Wherever the string "year" appears in the listing, copy that line.
*** Supplied data ***
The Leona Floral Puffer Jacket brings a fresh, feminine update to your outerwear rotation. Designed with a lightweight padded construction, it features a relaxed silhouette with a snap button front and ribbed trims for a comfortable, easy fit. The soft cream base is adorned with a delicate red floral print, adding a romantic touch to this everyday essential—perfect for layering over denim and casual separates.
*** End of Supplied data ***
*** Supplied data ***
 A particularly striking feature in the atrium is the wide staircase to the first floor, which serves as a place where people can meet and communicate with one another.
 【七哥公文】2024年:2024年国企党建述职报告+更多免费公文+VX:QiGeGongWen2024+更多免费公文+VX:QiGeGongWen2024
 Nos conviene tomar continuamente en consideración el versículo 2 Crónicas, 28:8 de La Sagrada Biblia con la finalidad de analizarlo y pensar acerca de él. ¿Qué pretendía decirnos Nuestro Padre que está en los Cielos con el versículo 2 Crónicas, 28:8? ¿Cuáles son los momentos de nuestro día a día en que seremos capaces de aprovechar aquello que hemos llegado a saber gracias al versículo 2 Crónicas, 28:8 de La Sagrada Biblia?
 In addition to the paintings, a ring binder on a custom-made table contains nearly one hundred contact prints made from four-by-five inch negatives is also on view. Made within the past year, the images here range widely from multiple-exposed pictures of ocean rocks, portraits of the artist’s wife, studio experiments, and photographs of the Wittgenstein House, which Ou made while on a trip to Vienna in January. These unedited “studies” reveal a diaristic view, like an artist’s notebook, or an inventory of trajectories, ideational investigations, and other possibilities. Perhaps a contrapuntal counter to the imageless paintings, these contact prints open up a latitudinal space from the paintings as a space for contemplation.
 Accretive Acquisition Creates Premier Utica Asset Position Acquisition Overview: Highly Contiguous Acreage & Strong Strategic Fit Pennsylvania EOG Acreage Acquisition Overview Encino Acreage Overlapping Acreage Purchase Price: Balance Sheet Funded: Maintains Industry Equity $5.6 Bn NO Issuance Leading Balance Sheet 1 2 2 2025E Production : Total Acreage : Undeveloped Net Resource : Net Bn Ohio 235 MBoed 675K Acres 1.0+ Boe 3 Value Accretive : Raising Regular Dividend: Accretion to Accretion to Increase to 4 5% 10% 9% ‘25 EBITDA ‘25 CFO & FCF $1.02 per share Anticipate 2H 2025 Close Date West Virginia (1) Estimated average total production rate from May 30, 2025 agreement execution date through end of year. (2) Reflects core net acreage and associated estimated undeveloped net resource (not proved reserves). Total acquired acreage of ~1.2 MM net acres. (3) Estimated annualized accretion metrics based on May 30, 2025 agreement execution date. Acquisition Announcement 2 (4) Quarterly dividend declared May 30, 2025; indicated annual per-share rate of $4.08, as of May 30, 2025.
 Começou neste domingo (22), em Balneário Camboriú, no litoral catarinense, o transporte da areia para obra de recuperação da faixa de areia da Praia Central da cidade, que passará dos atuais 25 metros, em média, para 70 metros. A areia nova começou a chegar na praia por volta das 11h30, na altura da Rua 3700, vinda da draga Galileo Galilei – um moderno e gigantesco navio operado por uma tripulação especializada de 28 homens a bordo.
*** End of Supplied data ***
(Answer space):
 In addition to the paintings, a ring binder on a custom-made table contains nearly one hundred contact prints made from four-by-five inch negatives is also on view. Made within the past year, the images here range widely from multiple-exposed pictures of ocean rocks, portraits of the artist’s wife, studio experiments, and photographs of the Wittgenstein House, which Ou made while on a trip to Vienna in January. These unedited “studies” reveal a diaristic view, like an artist’s notebook, or an inventory of trajectories, ideational investigations, and other possibilities. Perhaps a contrapuntal counter to the imageless paintings, these contact prints open up a latitudinal space from the paintings as a space for contemplation.
 Accretive Acquisition Creates Premier Utica Asset Position Acquisition Overview: Highly Contiguous Acreage & Strong Strategic Fit Pennsylvania EOG Acreage Acquisition Overview Encino Acreage Overlapping Acreage Purchase Price: Balance Sheet Funded: Maintains Industry Equity $5.6 Bn NO Issuance Leading Balance Sheet 1 2 2 2025E Production : Total Acreage : Undeveloped Net Resource : Net Bn Ohio 235 MBoed 675K Acres 1.0+ Boe 3 Value Accretive : Raising Regular Dividend: Accretion to Accretion to Increase to 4 5% 10% 9% ‘25 EBITDA ‘25 CFO & FCF $1.02 per share Anticipate 2H 2025 Close Date West Virginia (1) Estimated average total production rate from May 30, 2025 agreement execution date through end of year. (2) Reflects core net acreage and associated estimated undeveloped net resource (not proved reserves). Total acquired acreage of ~1.2 MM net acres. (3) Estimated annualized accretion metrics based on May 30, 2025 agreement execution date. Acquisition Announcement 2 (4) Quarterly dividend declared May 30, 2025; indicated annual per-share rate of $4.08, as of May 30, 2025.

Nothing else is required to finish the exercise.